Wednesday, April 16, 2014
PORTLAND – Portland is making measurable progress on its effort to bolster support systems for the chronically homeless and place them more quickly in permanent housing, Mayor Michael Brennan said Thursday.
Galen Jordan panhandles – legally – at the corner of High Street and Forest Avenue in Portland early Thursday. Police were to begin enforcing a new ordinance Thursday that prohibits panhandling in roadway medians.
John Patriquin / Staff Photographer
The announcement came on the same day that Portland police began enforcing a new rule barring panhandlers from traffic medians -- a coincidence of scheduling, according to city spokeswoman Nicole Clegg.
So far no citations have been issued for violating the day-old ban.
Although hundreds of people still depend on shelters nightly, city officials said they have secured 40 Section 8 housing vouchers to place people in permanent homes, and received $355,000 in additional state funding to administer programs through more persistent case management and rapid rehousing.
About half of the Section 8 vouchers are in the hands of the organizations that will administer them. The city expects to distribute the rest before the end of the year.
"This is an unprecedented effort," Brennan said.
The announcement followed implementation of recommendations taken from a study completed in 2012. The report highlighted seven areas of improvement for service providers who interact with the city's neediest. The measures included: increased availability of caseworkers; extended outreach programs to help identify people in need of service; easing barriers to the construction of new affordable housing; and rehousing the newly homeless more quickly.
Jon Bradley, associate director at the Preble Street Resource Center, said that for the first time in recent memory, month-over-month use of the shelter has declined. This July, 286 individuals slept in the shelter per night, down from 304 per night last July, he said.
"The fact that we went down is really amazing," Bradley said. "We've changed the trajectory."
In April, the city also tightened its shelter use policy, telling people they could no longer stay at the city's shelters indefinitely unless they also agreed to work with a caseworker to find permanent housing.
The city instituted the policy after record numbers of homeless sought beds at the Oxford Street and Florence House shelters. The policy was met with mixed reaction from some of the homeless population, who said the policy could force more people onto the street.
Homelessness is a complex problem with convoluted root causes, including lack of employment or under-employment, the high cost and low availability of preventive health care and mental health services, and drug and alcohol abuse, Bradley said.
The increasingly tight housing market in Portland, where vacancy rates hover below 5 percent, also make it difficult to find apartments where vouchers are accepted.
Still, housing remains the single most important factor to improve lives, Bradley said. And without substantial increases in federal funding, it will be nearly impossible to end homelessness.
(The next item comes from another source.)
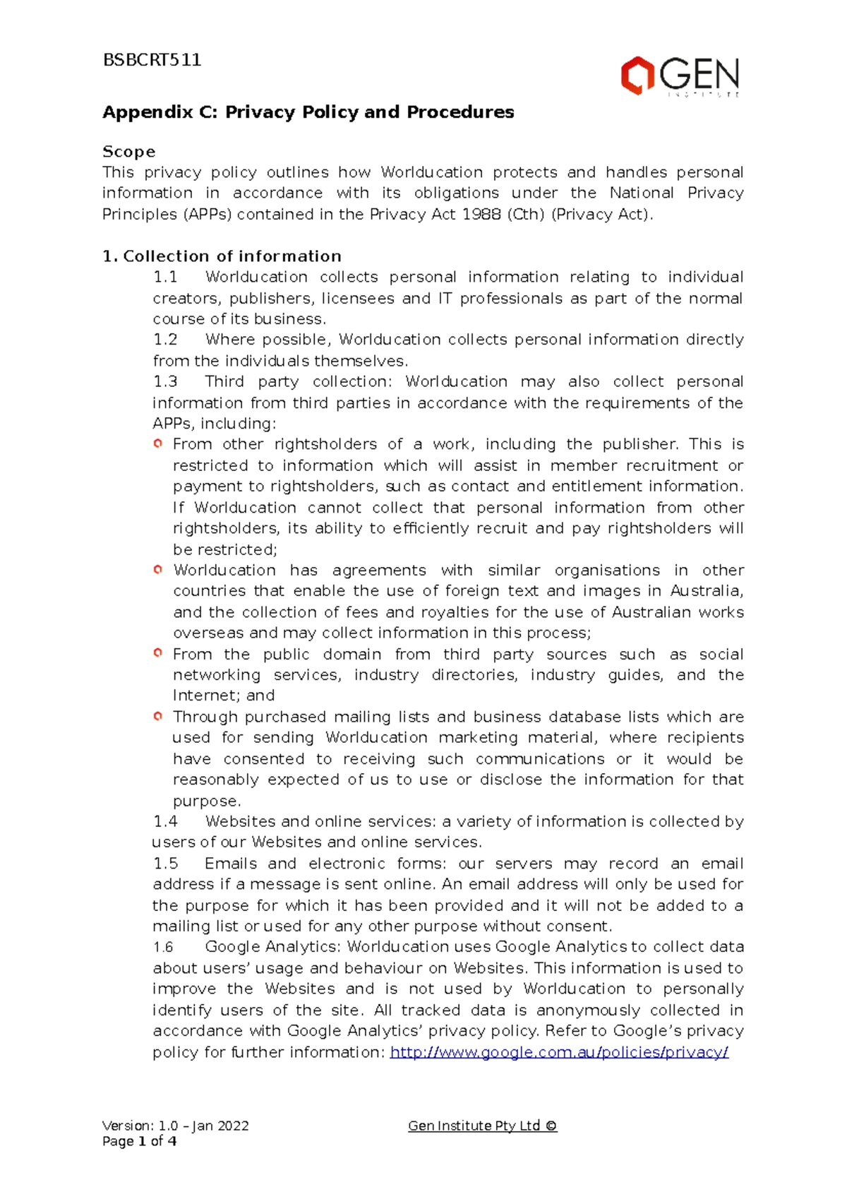 Appendix C Privacy Policy and Procedures Appendix C Privacy Policy

"You can't get better on the street," Bradley said.
Jennifer Vann, 41, understands that well. Vann, originally from Bangor, was homeless for nearly a year and said she is on disability because of severe obsessive compulsive disorder and post-traumatic stress disorder. After working with a caseworker, she was finally able to receive housing through one of the 40 vouchers.
"The waiting list in Bangor is two, three years," she said. "There isn't enough funding."
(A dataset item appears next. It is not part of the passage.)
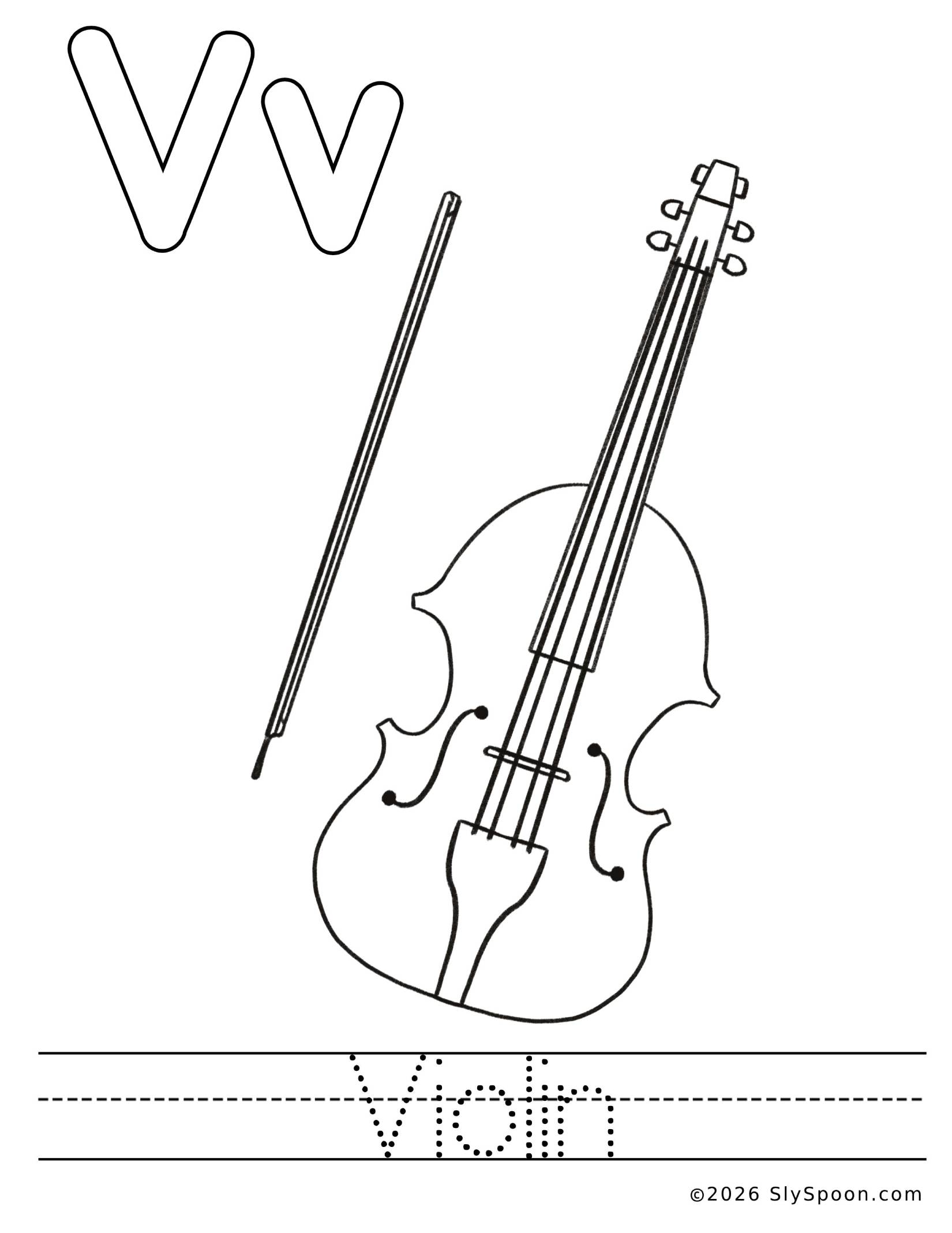 - Trace the word “violin” using dotted letters

Outside Preble Street Resource Center Thursday afternoon, reaction to the city's news conference lauding its efforts was mixed.
One 27-year-old homeless woman, who declined to give her name for fear of retaliation from center staff, said she opts to find housing on her own, rather than submit to the city's requirements and play a seemingly endless waiting game. Many people in the shelter have no business in regular housing, she said, and need specialized mental-health care or rehabilitation.
"Waiting for them to help you is like waiting for rain in a . . . drought," she said.